For local images, use base64 encoding:

let image_data = std::fs::read("photo.jpg")?;
let base64 = base64::engine::general_purpose::STANDARD.encode(&image_data);
let message = Message::user_with_content(vec![
ContentBlock::Text("Describe this".into()),
ContentBlock::ImageBase64 {
data: base64,
media_type: "image/jpeg".into(),
},
]);
import base64
with open("photo.jpg", "rb") as f:
image_data = base64.b64encode(f.read()).decode()
message = Message.user_with_content([
ContentBlock.text("Describe this"),
ContentBlock.image_base64(image_data, "image/jpeg"),
])
import { readFileSync } from 'fs';
const imageBuffer = readFileSync('photo.jpg');
const imageData = imageBuffer.toString('base64');
const message = Message.userWithContent([
ContentBlock.text('Describe this'),
ContentBlock.imageBase64(imageData, 'image/jpeg'),
]);

The V2 protocol provides a MultimodalCapabilities module that validates content against provider declarations before sending requests.

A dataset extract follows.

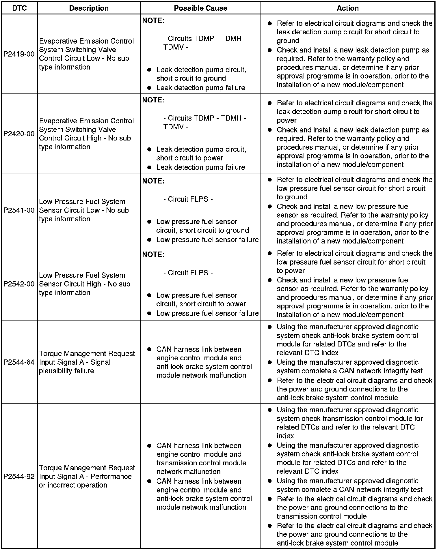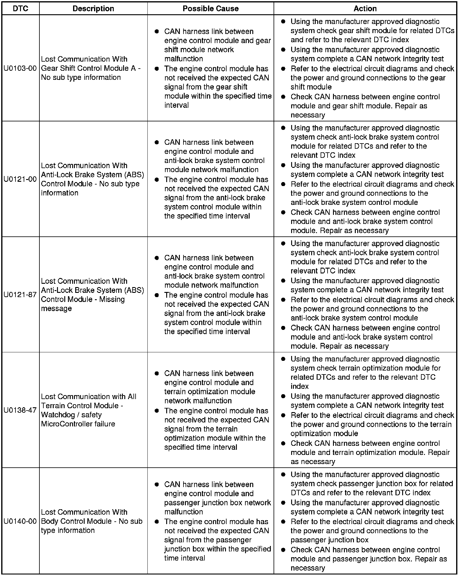 Generic scan tools may not read the codes listed, or may read only five digit codes. Match the five digits from the scan tool to the first five digits of the seven digit code listed to identify the fault (the last two digits give additional information read by the manufacturer-approved diagnostic system).
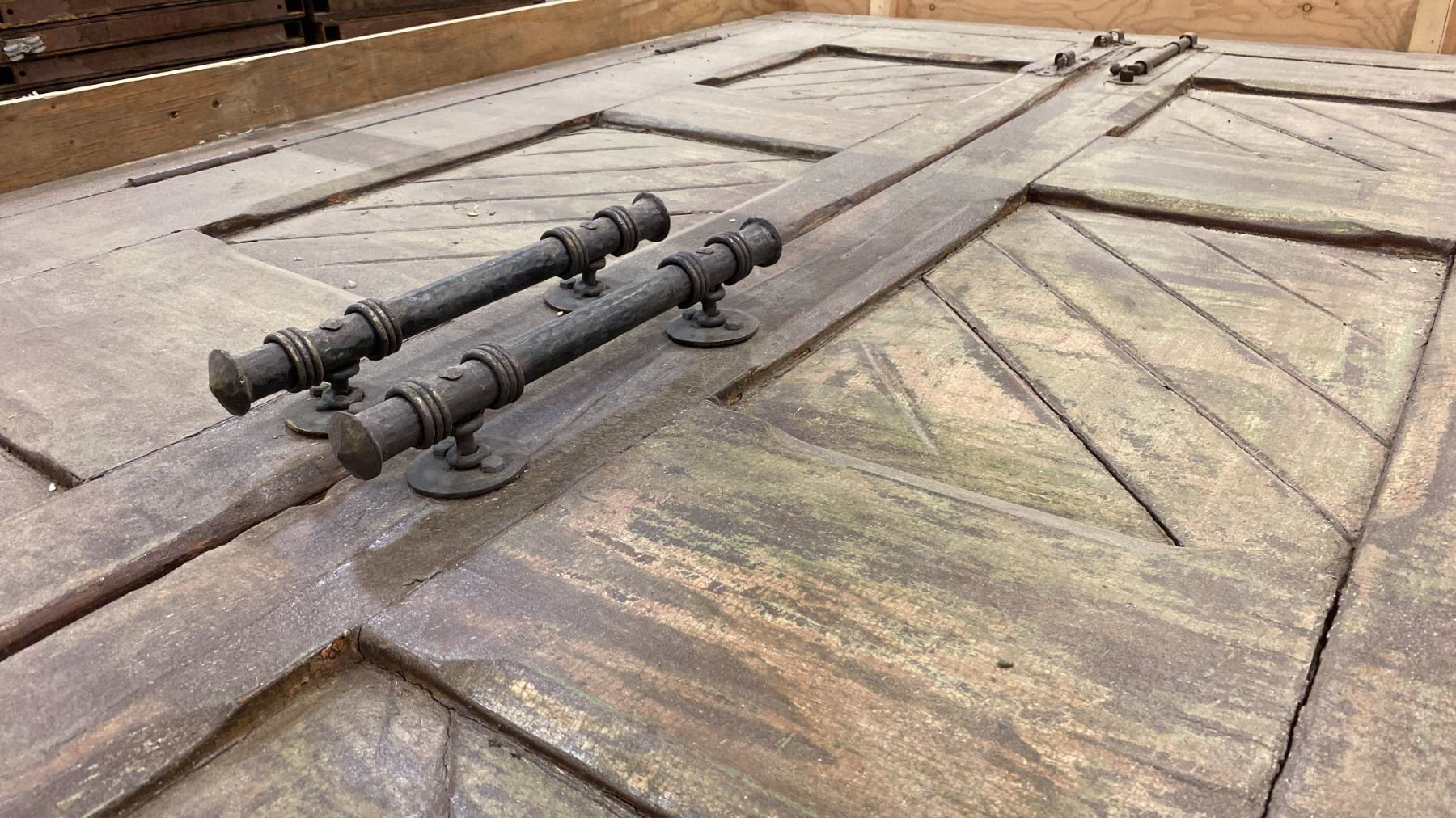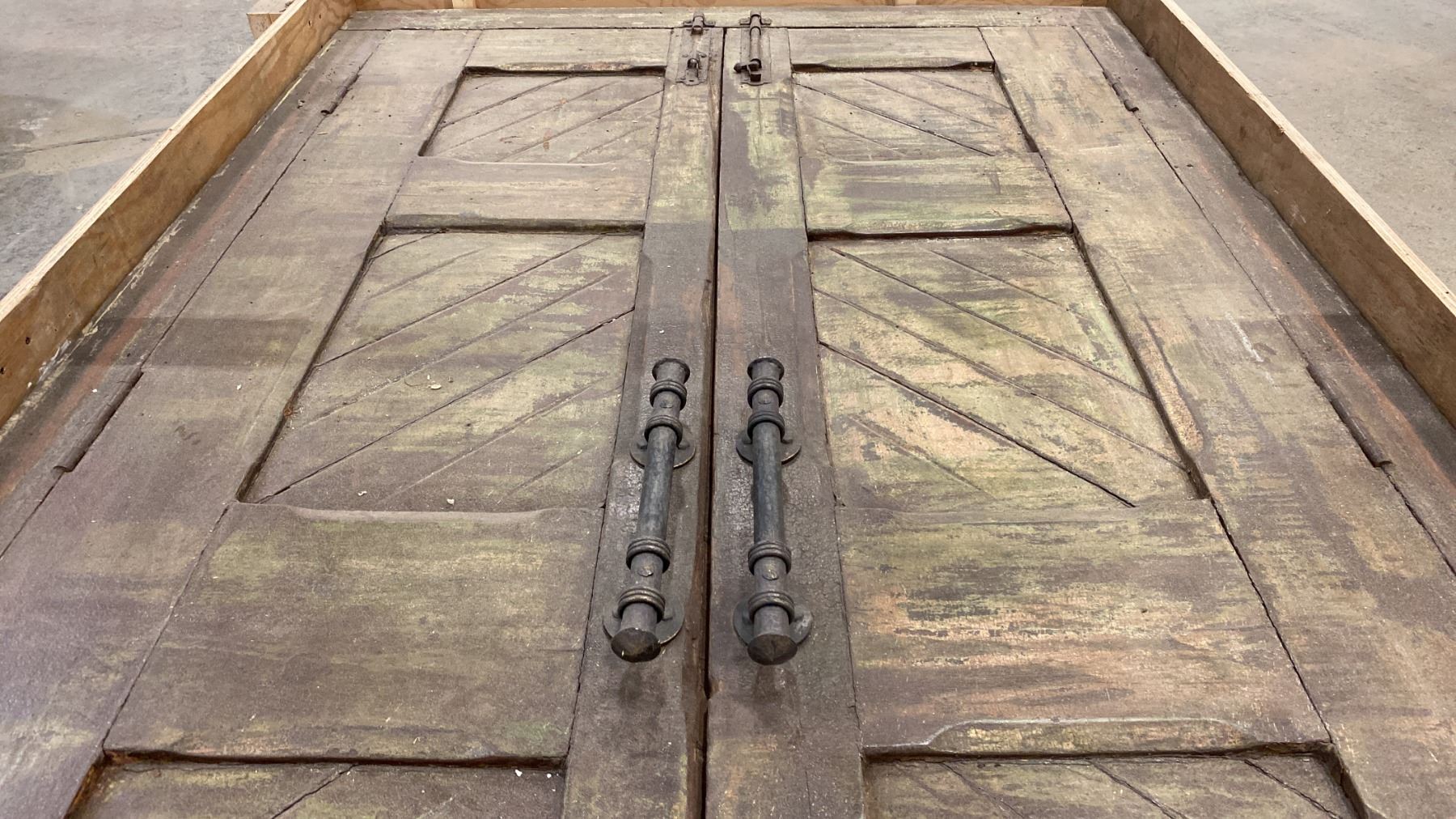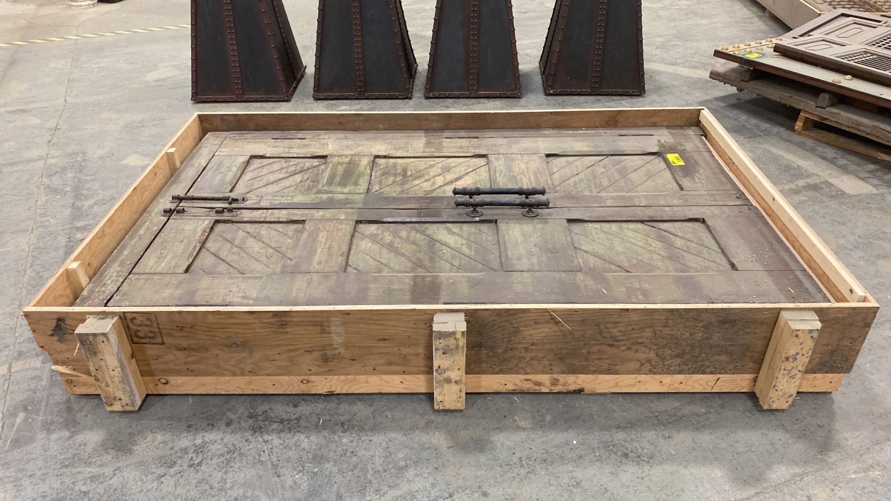 ORNATE FRAMED WOOD DOUBLE DOOR 94"H X 58" W

The runtime automatically detects modalities in your content blocks:

use ai_lib_rust::multimodal::{detect_modalities, Modality};
let modalities = detect_modalities(&content_blocks);
// Returns: {Text, Image} or {Text, Audio, Video} etc.
from ai_lib_python.multimodal import detect_modalities, Modality
modalities = detect_modalities(content_blocks)
# Returns: {Modality.TEXT, Modality.IMAGE}
// TypeScript
import { detectModalities, Modality } from '@hiddenpath/ai-lib-ts/multimodal';
const modalities = detectModalities(contentBlocks);
// Returns: Set { Modality.TEXT, Modality.IMAGE }

The runtime validates formats against what the provider supports:

use ai_lib_rust::multimodal::MultimodalCapabilities;
let caps = MultimodalCapabilities::from_config(&manifest.multimodal);
assert!(caps.validate_image_format("png"));
assert!(caps.validate_audio_format("wav"));
from ai_lib_python.multimodal import MultimodalCapabilities
caps = MultimodalCapabilities.from_config(manifest_multimodal)
assert caps.validate_image_format("png")
assert caps.validate_audio_format("wav")
// TypeScript
import { MultimodalCapabilities } from '@hiddenpath/ai-lib-ts/multimodal';
const caps = MultimodalCapabilities.fromConfig(manifestMultimodal);
console.assert(caps.validateImageFormat('png'));
console.assert(caps.validateAudioFormat('wav'));

Before sending a request, validate that the provider supports all modalities in the content:

use ai_lib_rust::multimodal::validate_content_modalities;
match validate_content_modalities(&blocks, &caps) {
Ok(()) => { /* all modalities supported */ }
Err(unsupported) => {
eprintln!("Provider doesn't support: {:?}", unsupported);
}
}
from ai_lib_python.multimodal import validate_content_modalities
# Validate content blocks against provider capabilities
// TypeScript
import { validateContentModalities } from '@hiddenpath/ai-lib-ts/multimodal';
try {
validateContentModalities(blocks, caps);
// all modalities supported
} catch (unsupported) {
console.error(`Provider doesn't support: ${unsupported}`);
}
  1. The runtime constructs a multimodal message with mixed content blocks
  2. V2 validation: MultimodalCapabilities checks that all content modalities are supported by the provider
  3. The protocol manifest maps content blocks to the provider’s format
  4. Different providers use different structures:
    • OpenAI: content array with type: "image_url" objects
    • Anthropic: content array with type: "image" objects
    • Gemini: parts array with inline_data objects (supports video parts)
  5. The protocol handles all format differences automatically

The V2 manifest declares each provider’s multimodal capabilities explicitly:

ProviderImage InAudio InVideo InImage OutAudio OutOmni
OpenAI✅ png, jpg, gif, webp
Anthropic✅ png, jpg, gif, webp
Gemini✅ png, jpg, gif, webp✅ wav, mp3, flac✅ mp4, avi
Qwen✅ png, jpg✅ wav, mp3
DeepSeek✅ png, jpg

Check multimodal.input and multimodal.output sections in the V2 provider manifest for the complete declaration.